* _TASK PROMPT_
An exact copy of the records below is needed, with every picture left out.

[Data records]

──────

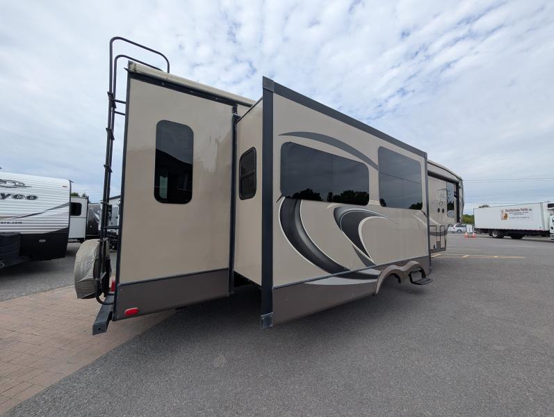 The Heartland Gateway 3200RS also boasts a well-appointed master bedroom with a comfortable queen-sized bed and ample wardrobe space, ensuring restful nights on the road. The bathroom is designed with practicality in mind, featuring a spacious shower and high-quality fixtures. Additional features include climate control, ensuring comfort in any weather, and a robust construction that promises durability and reliability. Whether you’re a seasoned traveler or new to the RV lifestyle, this fifth wheel offers a perfect blend of luxury and practicality, making it a wise investment for your future adventures.
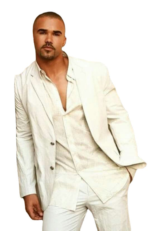 Ivory White Linen Summer Beach Wedding Suits Men Casual Best Man Groom Party Prom Suits Custom Made Street Wear Men Blazer
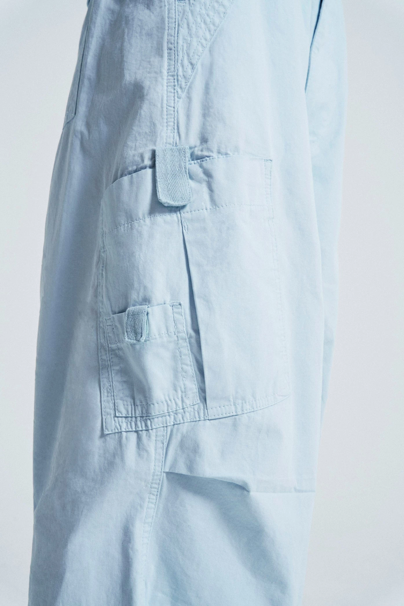 Designed with an oversized fit and a combination of metal eyelets, zip fly and adjustable cotton drawcord, our Powder Blue Parachute Cargo Pants deliver refined luxury and ultimate comfort. Details such as a pleated knee and inside leg darts ensure a perfect fit, while a six-pocket styling and a unique airpod pocket provide functional convenience. Elevate any look with this timeless and classic silhouette.
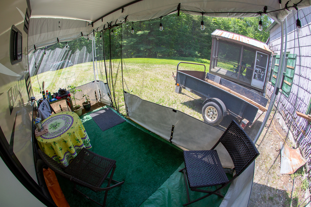 We haul in a screened veranda addition to the RV in hopes it will expand living space, help reduce what gets tracked inside the RV, and deter flying insects such as the swarm of mosquitos happily breeding in the standing water covering the cellar floor. They may be seasonal, but the black flies are a real annoyance and we need all the help we can get dealing with their swarms.
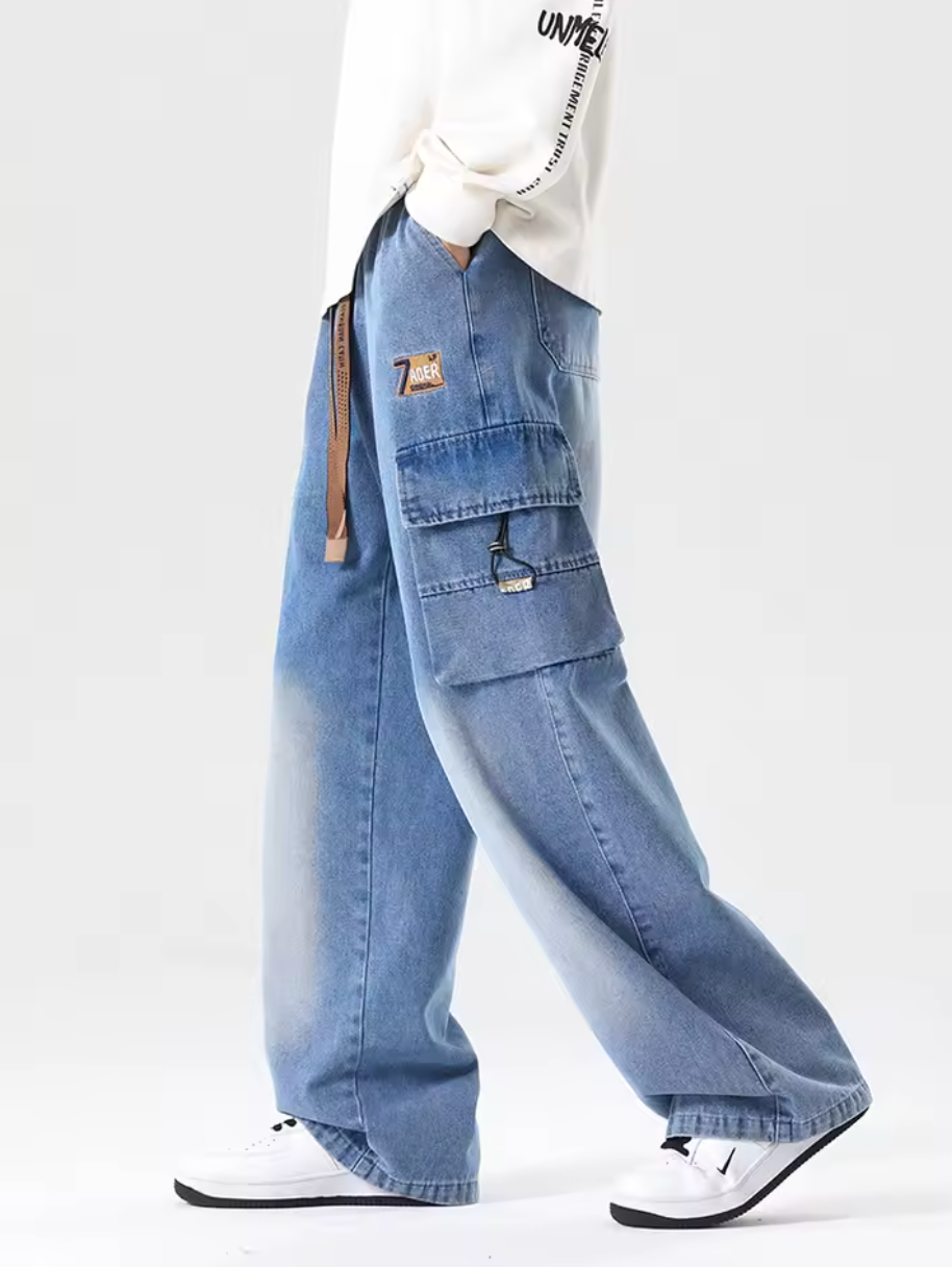 Baggy Cargobyxa i Denim – Avslappnad Streetwear med Funktionell Stil

──────

* _EXERCISE SOLUTION_
 The Heartland Gateway 3200RS also boasts a well-appointed master bedroom with a comfortable queen-sized bed and ample wardrobe space, ensuring restful nights on the road. The bathroom is designed with practicality in mind, featuring a spacious shower and high-quality fixtures. Additional features include climate control, ensuring comfort in any weather, and a robust construction that promises durability and reliability. Whether you’re a seasoned traveler or new to the RV lifestyle, this fifth wheel offers a perfect blend of luxury and practicality, making it a wise investment for your future adventures.
 Ivory White Linen Summer Beach Wedding Suits Men Casual Best Man Groom Party Prom Suits Custom Made Street Wear Men Blazer
 Designed with an oversized fit and a combination of metal eyelets, zip fly and adjustable cotton drawcord, our Powder Blue Parachute Cargo Pants deliver refined luxury and ultimate comfort. Details such as a pleated knee and inside leg darts ensure a perfect fit, while a six-pocket styling and a unique airpod pocket provide functional convenience. Elevate any look with this timeless and classic silhouette.
 We haul in a screened veranda addition to the RV in hopes it will expand living space, help reduce what gets tracked inside the RV, and deter flying insects such as the swarm of mosquitos happily breeding in the standing water covering the cellar floor. They may be seasonal, but the black flies are a real annoyance and we need all the help we can get dealing with their swarms.
 Baggy Cargobyxa i Denim – Avslappnad Streetwear med Funktionell Stil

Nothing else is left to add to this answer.